- **What you need to do**: From the line below containing "630 802 3838" to the final line, print each line exactly as written. No pictures belong in the copy.

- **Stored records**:
[Start of Attachment]
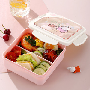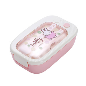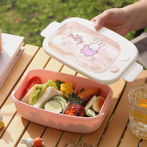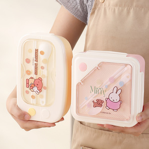 ミッフィー分割プラスチック弁当箱漫画学生電子レンジ対応弁当箱食器付きオフィスワーカーポータブル弁当箱
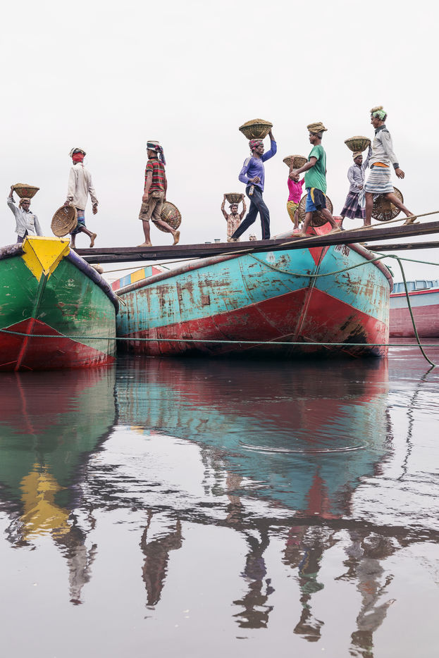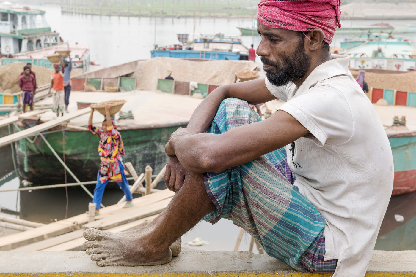 Dans le port de Gabtoli, en périphérie de Dhaka, des milliers de travailleurs journaliers arrachent aux ventres des bateaux des montagnes de sable, graviers, ciment, briques et charbon.
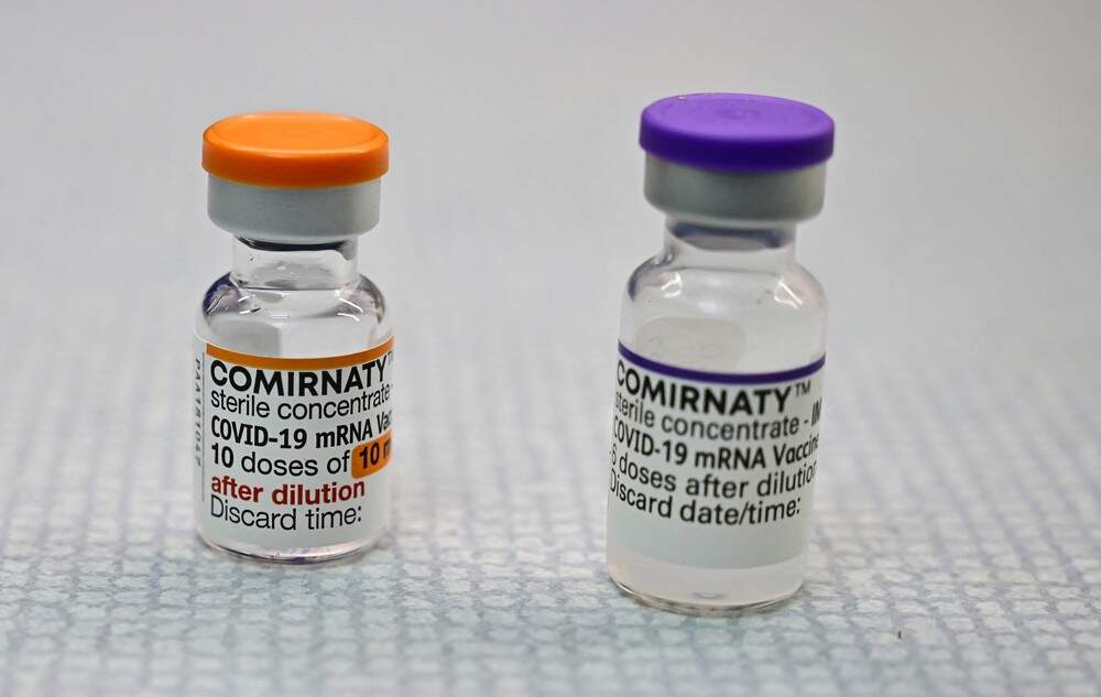Frascos da vacina da Pfizer em versão pediátrica (laranja) e a partir dos 12 anos (roxa).
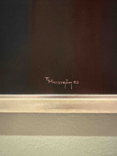 This item is an original painting, likely oil or acrylic on canvas, featuring a deep, dark composition with vertical tonal shifts in brown and black. The artwork is notably signed in the lower center with the artist's name 'T. Hafström' followed by the date '83' in a stylized, elongated script that features distinctive descenders on several letters. The paint application appears smooth with subtle vertical brushstrokes or textures visible under localized lighting. The piece is housed in a contemporary silver-toned or metallic-finish frame with a stepped profile, which indicates a late 20th-century aesthetic consistent with the 1983 production date. In terms of condition, there are visible vertical scuff marks or surface abrasions just above the signature area that break through the dark pigment, which may affect the overall valuation. The Swedish surname suggests the artist Jan Thomas Hafström (known as Thomas Hafström), whose work often explores minimalist or abstract themes. The craftsmanship exhibits a professional level of finish typical of mid-to-late 20th-century Scandinavian modernism.
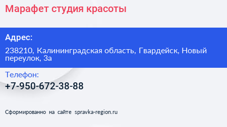 Марафет, студия красоты по адресу 238210, Калининградская область, Гвардейск, Новый переулок, 3а в дальнейшем Организация, размещена в следующих категориях:
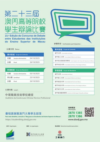【本報消息】為培養學生的邏輯思考能力、語言表達能力及應變能力,並加強高等院校間的學術交流。由教育及青年發展局主辦、澳門演辯文化協會協辦、工銀澳門獎金贊助的2025/2026學年「第23屆澳門高等院校學生辯論比賽」將於10月期間假中葡職業技術學校禮堂舉行。
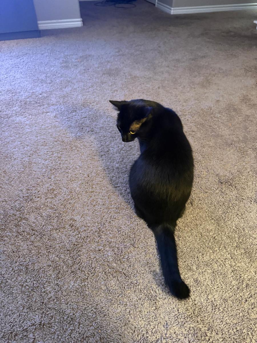 “She is a slender, sleek black cat with shiny fur, small in size, panther-like, very smooth short coat, and may be hiding because she is shy.” cell# 630 802 3838
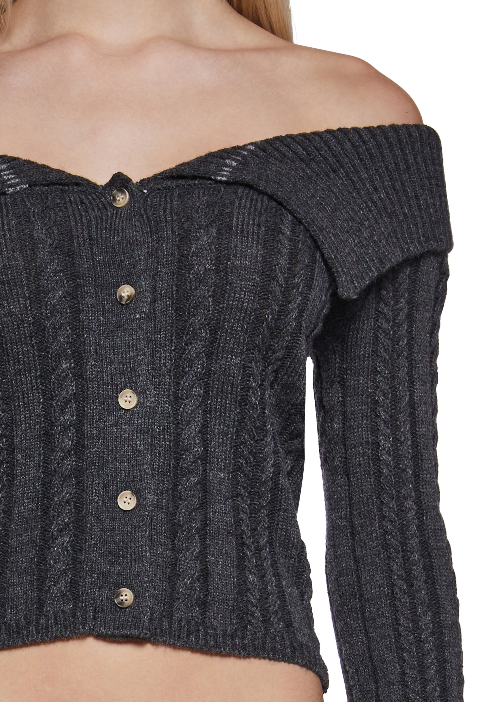 This cardigan has an off the shoulder design, chunky knit construction, long sleeves, a cropped fit, and front button closures.
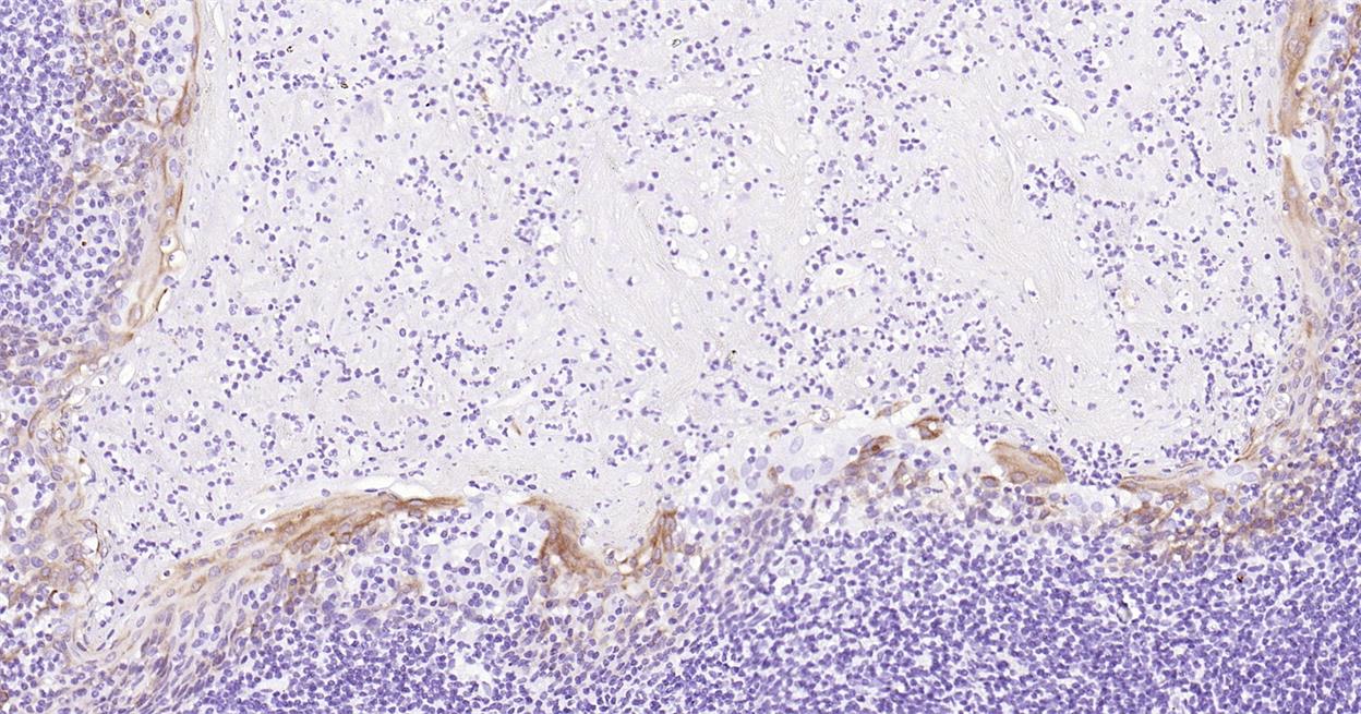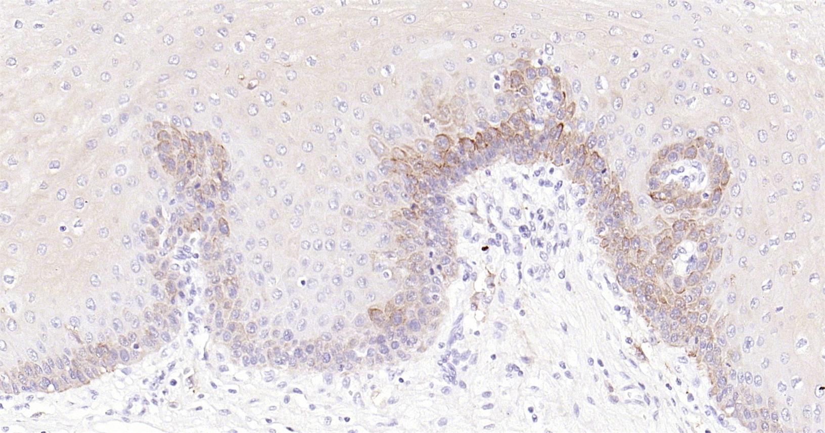 Immunohistochemical analysis of paraffin embedded human esophagus tissue slide using IHC0232H (Human CD1A IHC Kit).
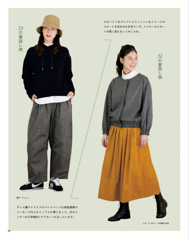 トレンドを程よく加味した、着やすくて作りやすい大人服を紹介。オールインワン、ジャンパースカート、ワンピース、アウター、トップスなどのウエアに加え、バッグやヘアアクセなど、こものも充実。全75点掲載。実物大の型紙つき、詳しい作り方解説つきで初心者さんも安心。
[End of Attachment]
- **Result for this task**:
 “She is a slender, sleek black cat with shiny fur, small in size, panther-like, very smooth short coat, and may be hiding because she is shy.” cell# 630 802 3838
 This cardigan has an off the shoulder design, chunky knit construction, long sleeves, a cropped fit, and front button closures.
 Immunohistochemical analysis of paraffin embedded human esophagus tissue slide using IHC0232H (Human CD1A IHC Kit).
 トレンドを程よく加味した、着やすくて作りやすい大人服を紹介。オールインワン、ジャンパースカート、ワンピース、アウター、トップスなどのウエアに加え、バッグやヘアアクセなど、こものも充実。全75点掲載。実物大の型紙つき、詳しい作り方解説つきで初心者さんも安心。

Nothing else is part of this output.